Global shares struggle as U.S. bond yields march higher

LONDON/SYDNEY (Reuters) – Global stocks wavered on Wednesday while the safe-haven dollar held near five-month highs as Treasury yields resumed their upward march before U.S. President Joe Biden announces a multitrillion-dollar plan to rebuild America’s infrastructure.

FILE PHOTO: Pedestrians wearing facial masks, following the coronavirus disease (COVID-19) outbreak, are reflected on an electric board showing stock prices outside a brokerage at a business district in Tokyo, Japan, January 4, 2021. REUTERS/Kim Kyung-Hoon

The relentless rise of U.S. bond yields, with 10-year yields on course for their biggest quarterly rise since the fourth quarter of 2016, weighed on sentiment even as Chinese data suggested a solid global economic recovery.

Europe’s regional STOXX 600 index was up 0.2%, on course for its second straight month of gains. Britain’s FTSE 100 was down 0.1% as shares in online food delivery firm Deliveroo slumped as much as 30% on their first day of trading.

Britain’s economy grew more than expected, 1.3%, in the final quarter of last year, but still shrank the most in more than three centuries in 2020 as a whole. (Graphic: Deliveroo shares plunge in London debut, )

E-mini futures for the S&P 500 ESc1 were a shade higher.

Some global banks are facing billions of dollars in losses after U.S. investment firm Archegos Capital Management defaulted on margin calls, putting investors on edge about who else might be exposed.

But focus for much of the quarter has been on the surge in bond yields, making equity valuations look lofty, particularly for major tech companies that have borne the brunt of the sell-off.

On Wednesday, 10-year Treasury yields rose as high as 1.746% from Tuesday’s 1.708% and were last at 1.723%.

Euro zone bonds calmed, but Germany’s 10-year yield was set for its biggest quarterly jump since the fourth quarter of 2019.

Investors were looking ahead to Biden’s trip to Pittsburgh on Wednesday, where he is expected to push for a “Build Back Better” plan. Its price tag could be as high as $4 trillion to pay for conventional roads and bridges while also tackling climate change and domestic policy issues like income equality.

“The plans as announced have a long and tortuous journey to make it through Congress and thus the end result is likely to be nine months or more away and may well look very different indeed once it has been through that political wranglings on the Hill,” said James Athey, investment director at Aberdeen Standard Investments. “If investors are weighing the risks appropriately, there shouldn’t be much impact on markets in the short term.”

MSCI’s All Country World Index, which tracks stocks across 49 countries, traded 0.1% lower.

MSCI’s broadest index of Asia-Pacific shares outside of Japan fell 0.3%, its first monthly loss in five months.

Sentiment in Asia remained downbeat despite data showing China’s factory activity expanded faster than expected in March.

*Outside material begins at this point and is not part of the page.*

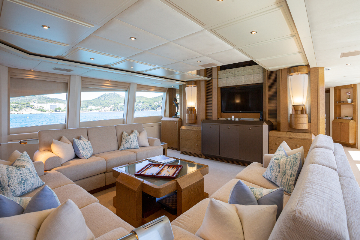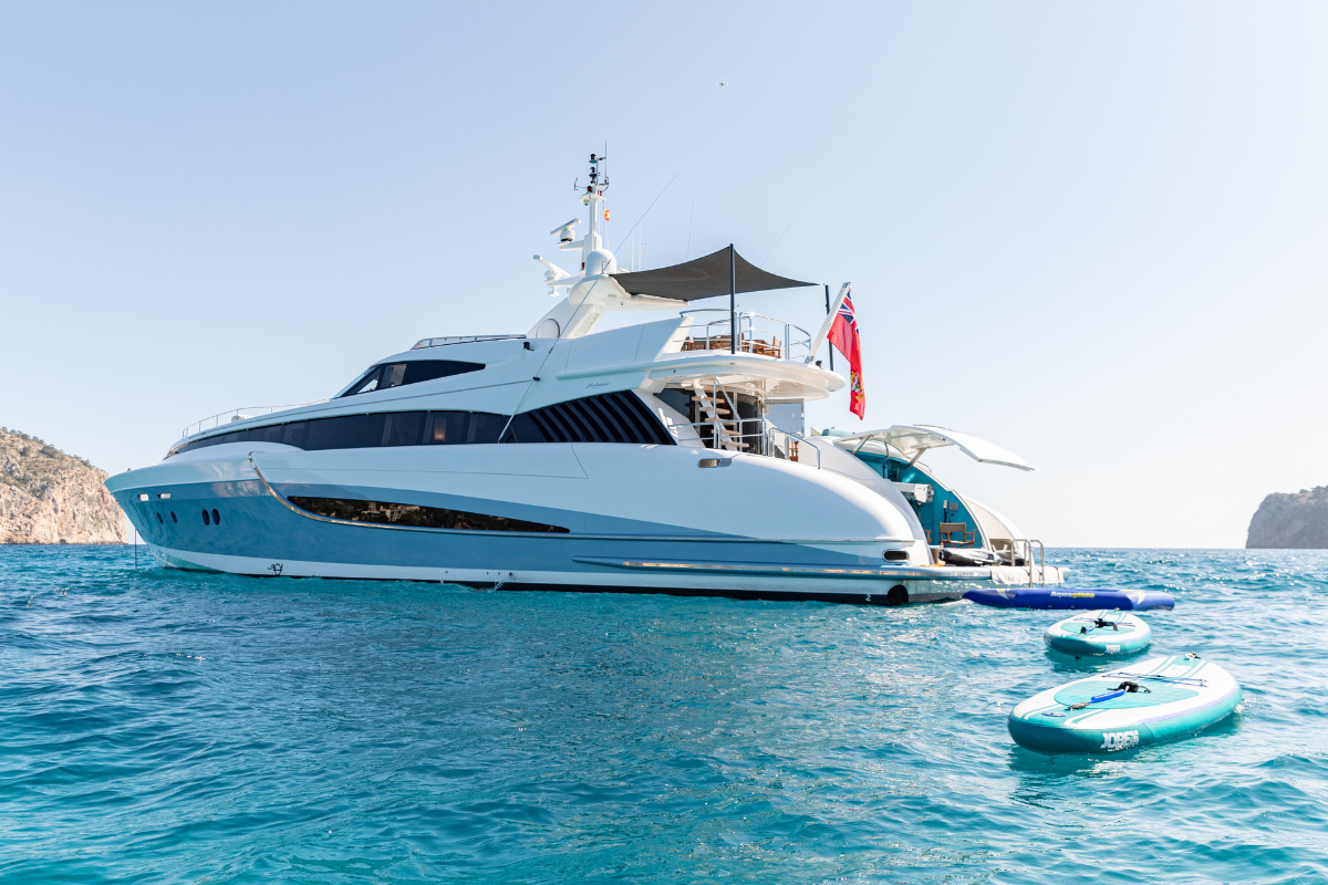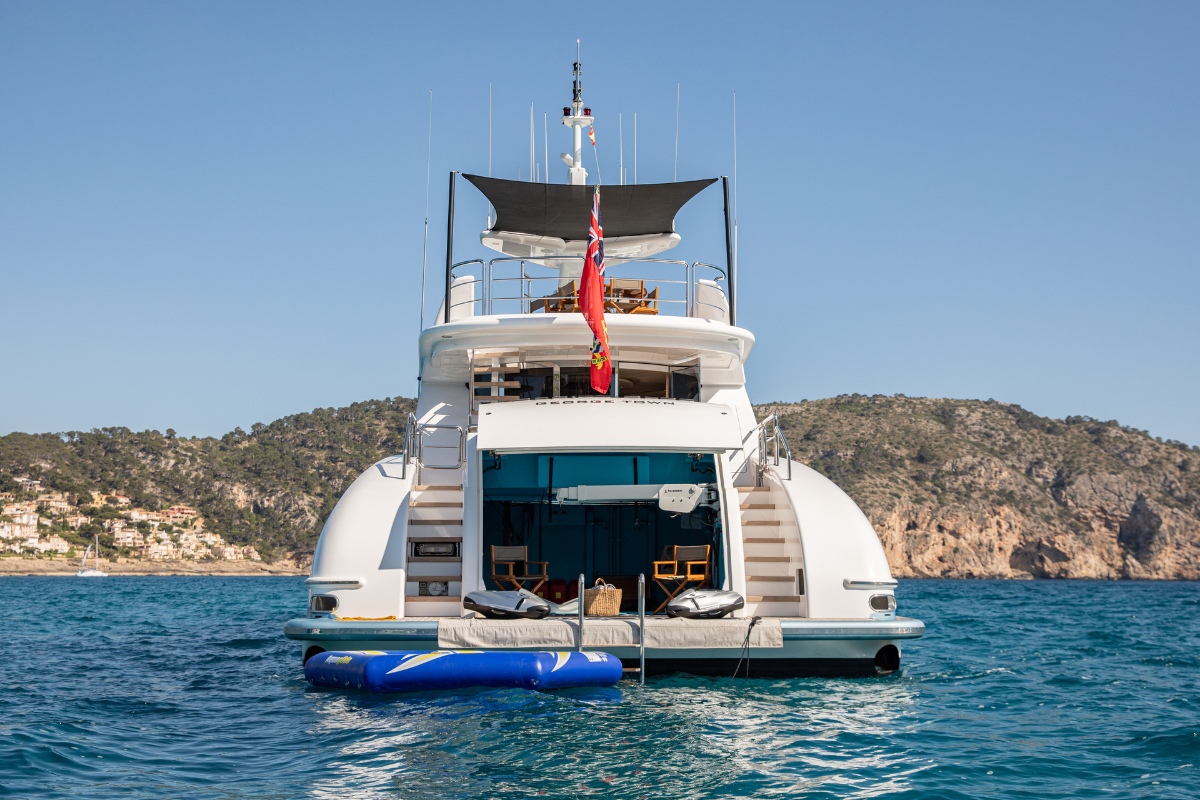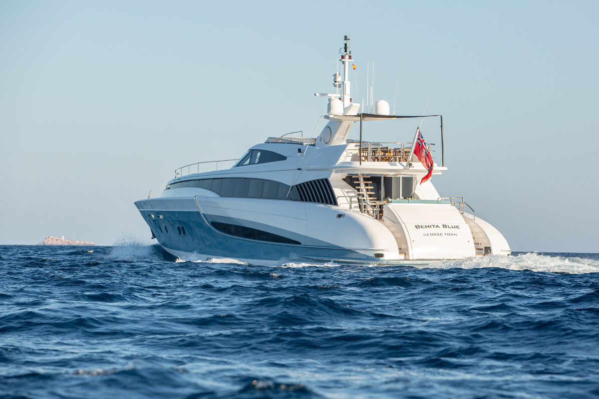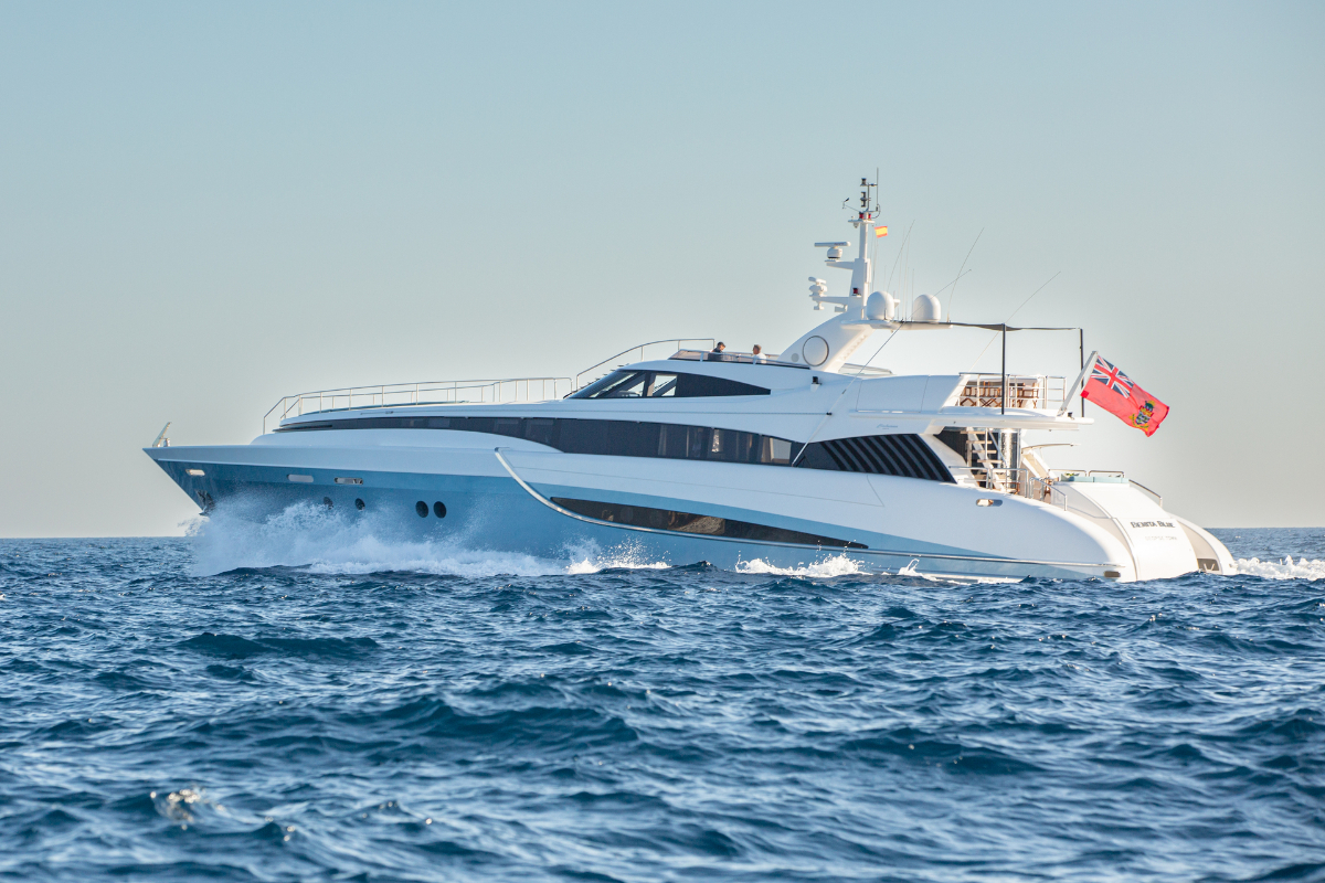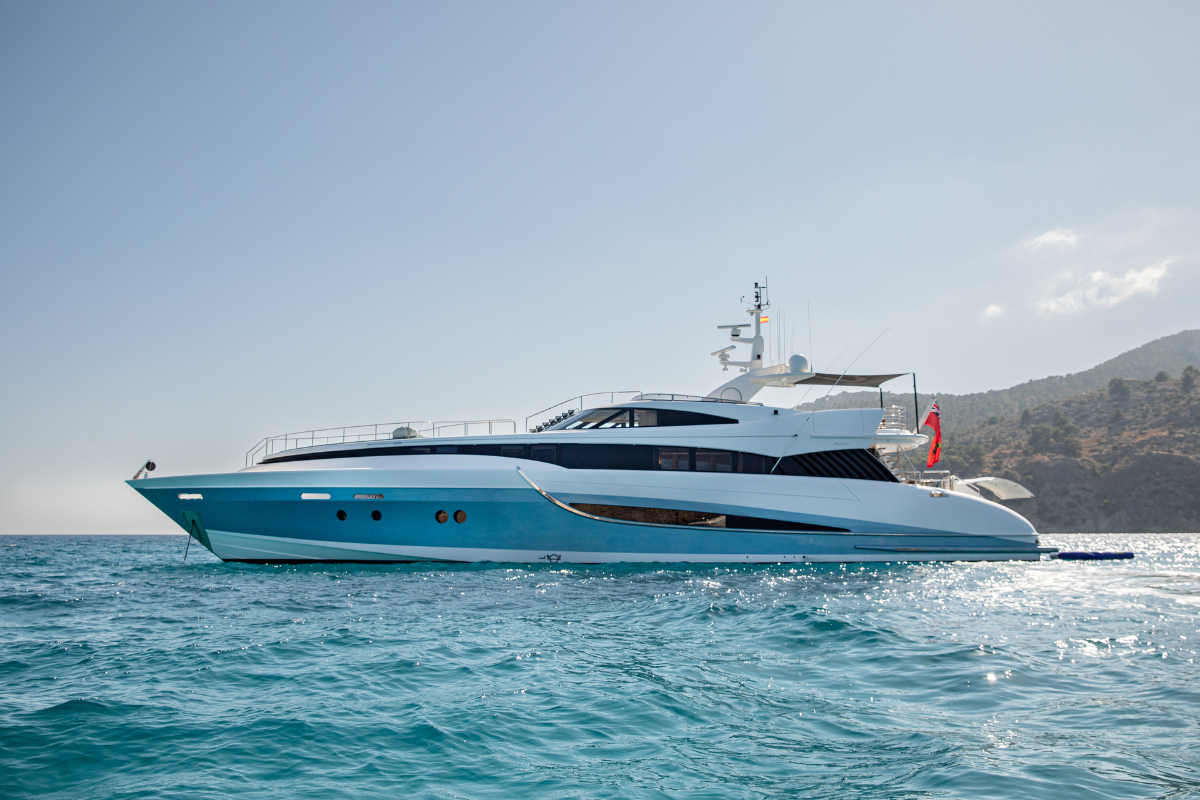 Benita Blue is a 33.7 m luxury flybridge yacht, accommodating up to 10 guests in 4 elegant cabins. Fully refitted in 2024, she features a master suite with en suite bathrooms, double/twin cabins with Pullman berths, a deck Jacuzzi, spacious outdoor areas, and modern AV systems with Wi-Fi. Perfect for private yacht charters in the Balearic Islands, guests can enjoy paddleboards, 2 Seabobs, wakeboards, waterskis, inflatables, and a 3.8 m turbojet tender. Powered by twin MTU engines, she cruises at 15 knots with a max speed of 24 knots. With a professional crew onboard, Benita Blue offers a perfect blend of luxury travel, adventure, and comfort for an unforgettable crewed cruise in the Balearics.

Chinese services surged, too.

China’s blue-chip index sank 0.9% and Japan’s Nikkei slid 0.9% as investors sold financial shares amid growing uncertainty over the fallout from the margin calls that brought down Archegos Capital.

In foreign-exchange markets, currencies were lower against the U.S. dollar. The dollar hit a one-year high of 110.48 against the yen as investors bet fiscal stimulus and aggressive vaccinations would boost the U.S. economic recovery. [FRX/]

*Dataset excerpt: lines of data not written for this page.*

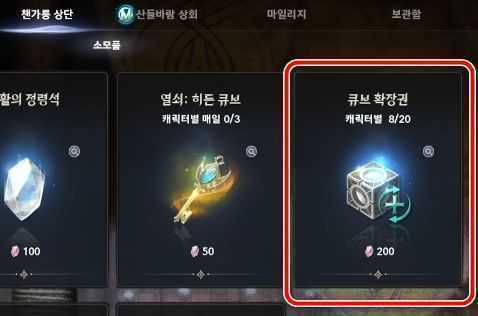 특히 큐브 슬롯을 20만 키나 이상으로 확장하게 되면, 큐브 확장권을 사용하는 것이 더 유리할 수 있습니다. 그렇다면, 큐브 확장권을 얻는 방법은 무엇일까요?
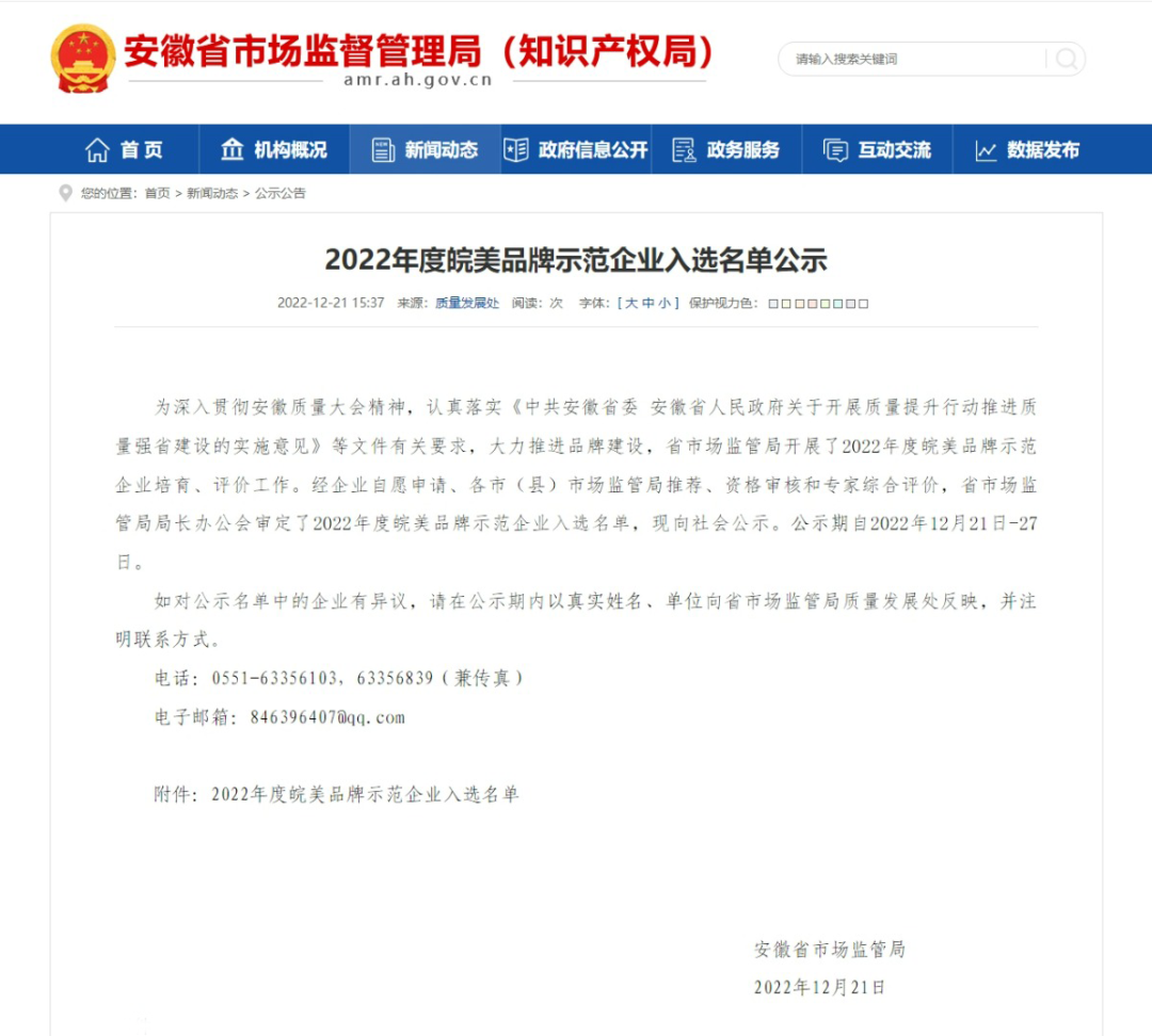 近日,安徽省市场监督管理局发布2022年度皖美品牌示范企业入选名单,英国上市公司官网365信息成功登榜!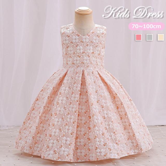 ドレス 3色 子供 ベビー 子供ドレス キッズ ドレス 早い者勝ち ピンク グレー シャンパン 70 80 90 100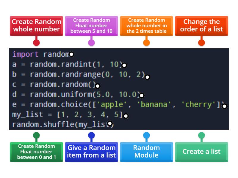 Random Module, Create Random whole number, Create Random whole number in the 2 times table, Create Random Float number between 0 and 1, Create Random Float number between 5 and 10, Give a Random item from a list, Create a list, Change the order of a list.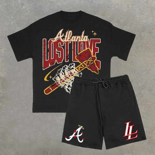 Print T-Shirt Drawstring Shorts Two-Piece Set

The dollar is on track for a third straight monthly rise against the yen and its biggest since the end of 2016.

The dollar index held above 93 after surging as high as 93.357 on Tuesday. It has climbed from close to 90 at the start of March, on course for its best month since 2016.

In commodities, Brent crude rose 0.5% to $64.47 a barrel. U.S. crude added 0.6% to $64.53 barrel.

Gold prices slipped to 1,684.40 an ounce.